To do – Your task is to repeat exactly the lines below between the line holding "Horizon conçu par" and the line holding "V jednom pokoji", inclusive, and only those.

Extracted entries –
·····

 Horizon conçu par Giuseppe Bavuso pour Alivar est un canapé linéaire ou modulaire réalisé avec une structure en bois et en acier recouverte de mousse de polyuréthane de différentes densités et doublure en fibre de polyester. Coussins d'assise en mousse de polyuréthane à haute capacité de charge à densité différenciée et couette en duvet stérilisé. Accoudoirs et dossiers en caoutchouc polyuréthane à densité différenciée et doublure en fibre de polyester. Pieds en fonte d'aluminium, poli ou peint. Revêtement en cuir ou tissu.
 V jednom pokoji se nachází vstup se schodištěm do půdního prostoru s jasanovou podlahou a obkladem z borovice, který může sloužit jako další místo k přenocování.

·····

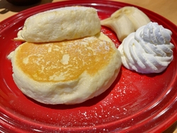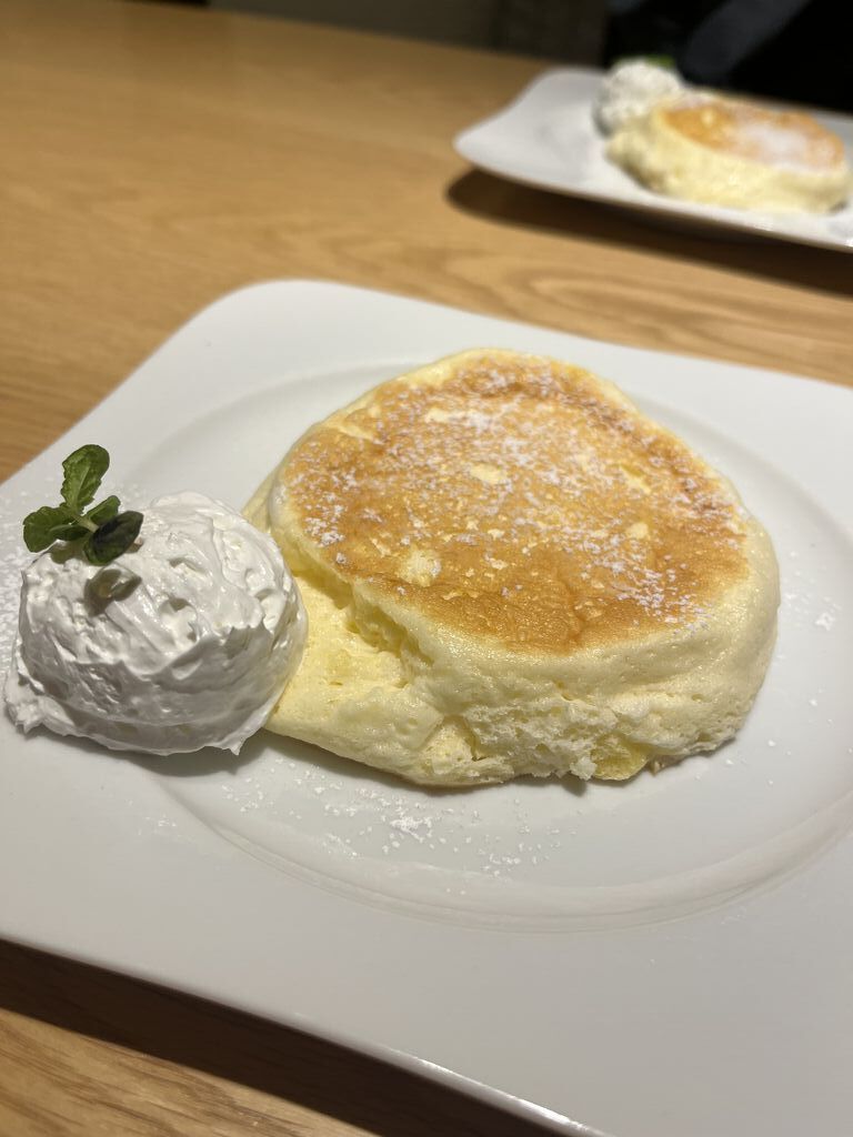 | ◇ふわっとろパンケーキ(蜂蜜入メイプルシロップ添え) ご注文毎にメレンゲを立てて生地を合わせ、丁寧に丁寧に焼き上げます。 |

·····

Response –
 Horizon conçu par Giuseppe Bavuso pour Alivar est un canapé linéaire ou modulaire réalisé avec une structure en bois et en acier recouverte de mousse de polyuréthane de différentes densités et doublure en fibre de polyester. Coussins d'assise en mousse de polyuréthane à haute capacité de charge à densité différenciée et couette en duvet stérilisé. Accoudoirs et dossiers en caoutchouc polyuréthane à densité différenciée et doublure en fibre de polyester. Pieds en fonte d'aluminium, poli ou peint. Revêtement en cuir ou tissu.
 V jednom pokoji se nachází vstup se schodištěm do půdního prostoru s jasanovou podlahou a obkladem z borovice, který může sloužit jako další místo k přenocování.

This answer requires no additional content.